0

I've come across an error today and would like other people's opinions on a solution beyond what I have. The error is in a dataset. The data in the last column/field of the first and second row/record should be the same, and the second to last column/field of row/record 1 is always "1". The problem is when this is not so and and the steps needed to correct it.

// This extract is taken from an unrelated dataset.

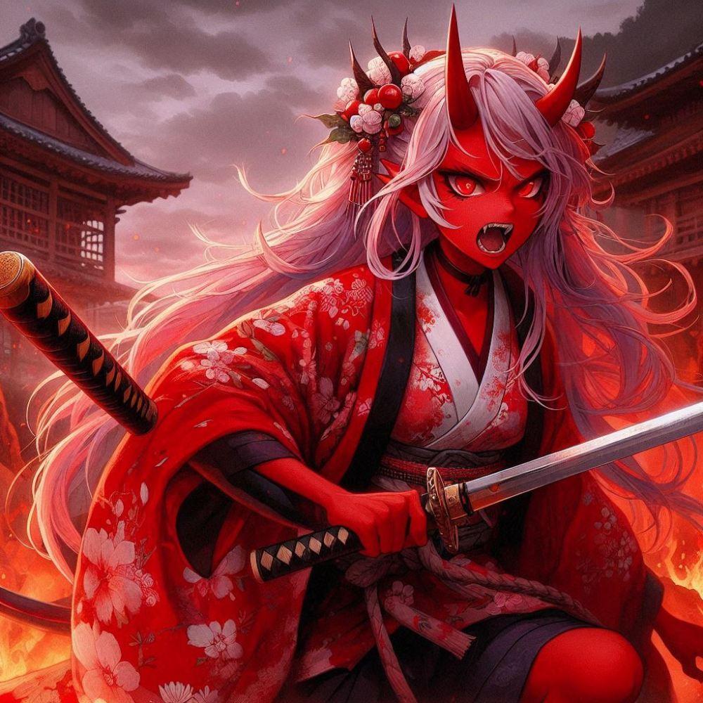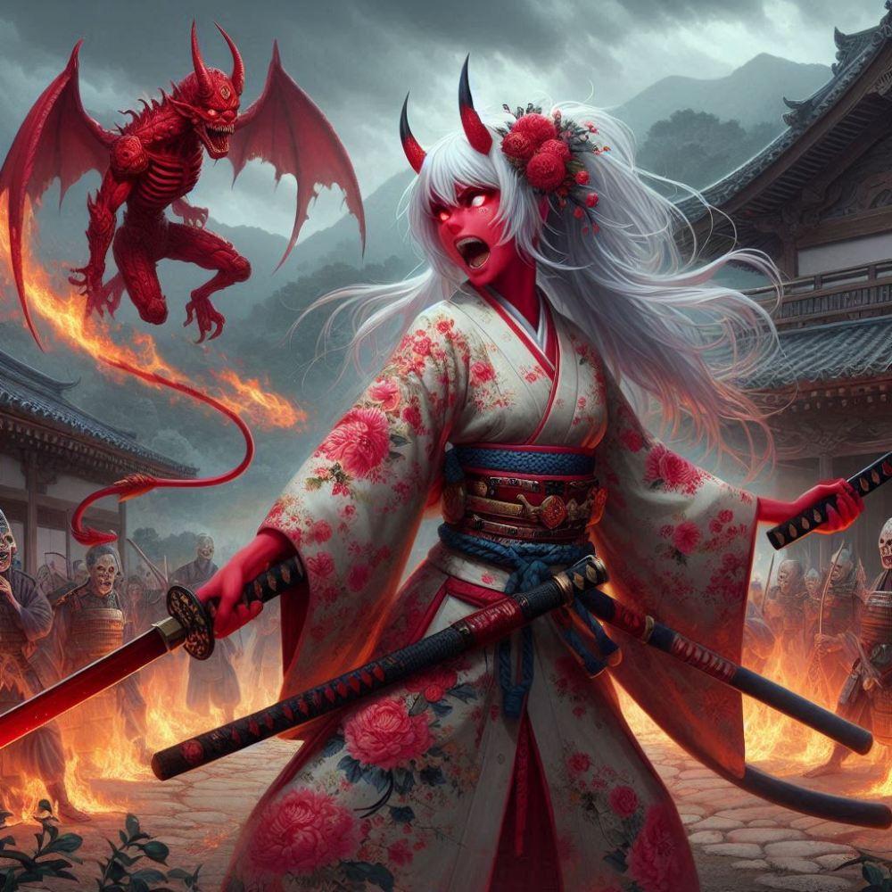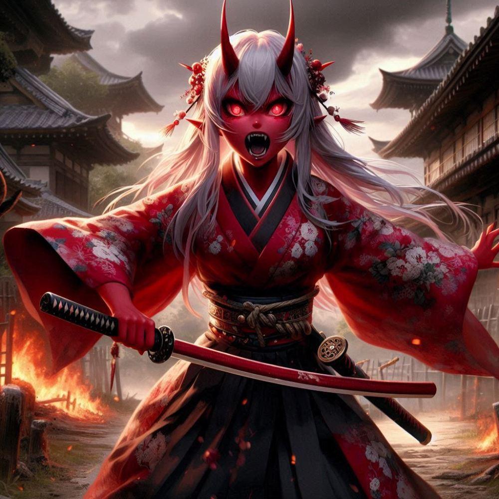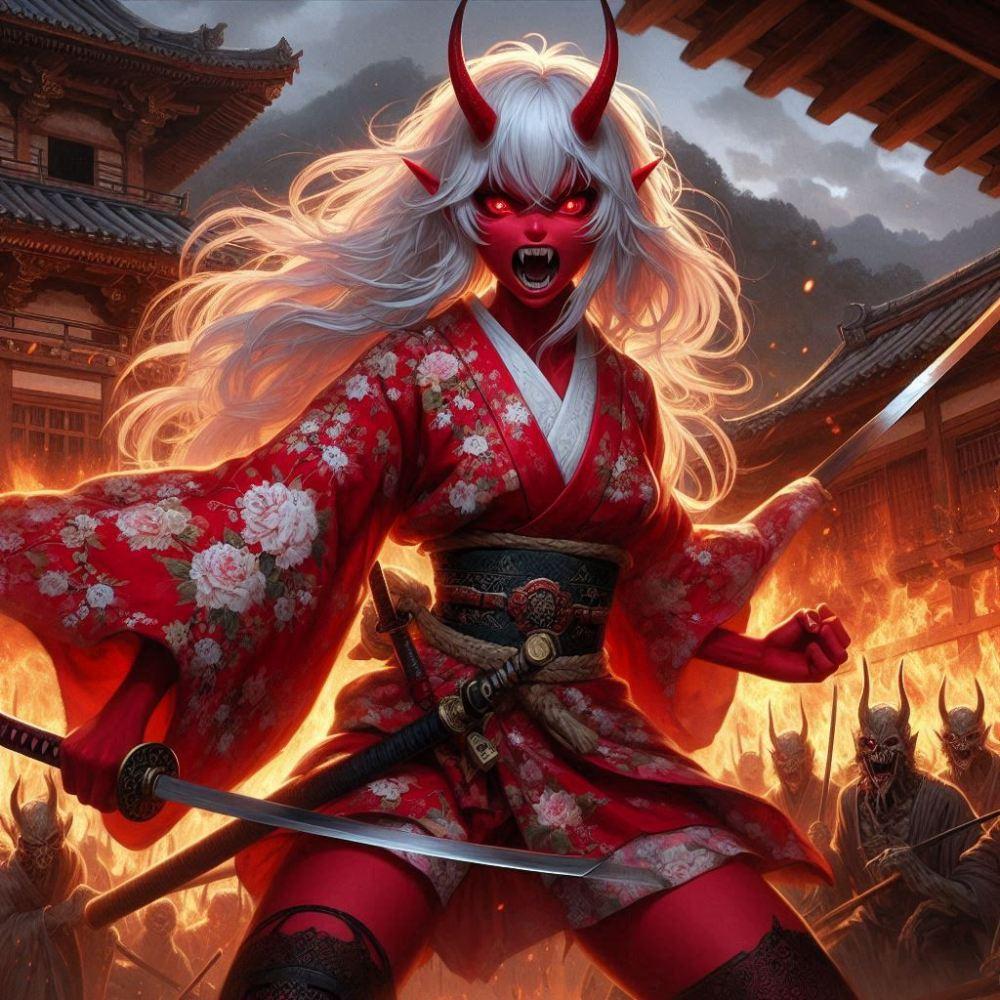 時代劇墨絵油絵風、サムライ赤鬼娘人妻ハイソックス

The incorrect data is as such, in a file called "sample.txt":

5@Comedia   @5@3@2@3@1/2  @3@1.6  @1@2 1/2@11@14 1/4
3@Melanistic@3@4@2@4@1 1/2@4@2 3/4@3@5    @2 @4 3/4
2@Pure      @4@5@5@5@3 1/2@5@4 3/4@5@8    @3 @6 1/2
4@Profit    @2@2@1@2@1.6  @1@1.6  @2@2 1/2@4 @6 1/2
1@Whammy    @1@1@1@1@1.6  @2@1.6  @4@5 1/2@5 @8 1/4

The correct data should look like this:

 5@Comedia   @5@3@2@3@1/2  @3@1.6  @1@2 1/2 @1@4 3/4
 3@Melanistic@3@4@2@4@1 1/2@4@2 3/4@3@5     @2@4 3/4
 2@Pure      @4@5@5@5@3 1/2@5@4 3/4@5@8     @3@6 1/2
 4@Profit    @2@2@1@2@1.6  @1@1.6  @2@2 1/2 @4@6 1/2
 1@Whammy    @1@1@1@1@1.6  @2@1.6  @4@5 1/2 @5@8 1/4

My current solution is a multi-step process I have a feeling can be streamlined. Any suggestions are highly appreciated.

1)Create a bash variable:

 length=$(cat sample.txt |awk -F@ 'NR==2{print $NF}') 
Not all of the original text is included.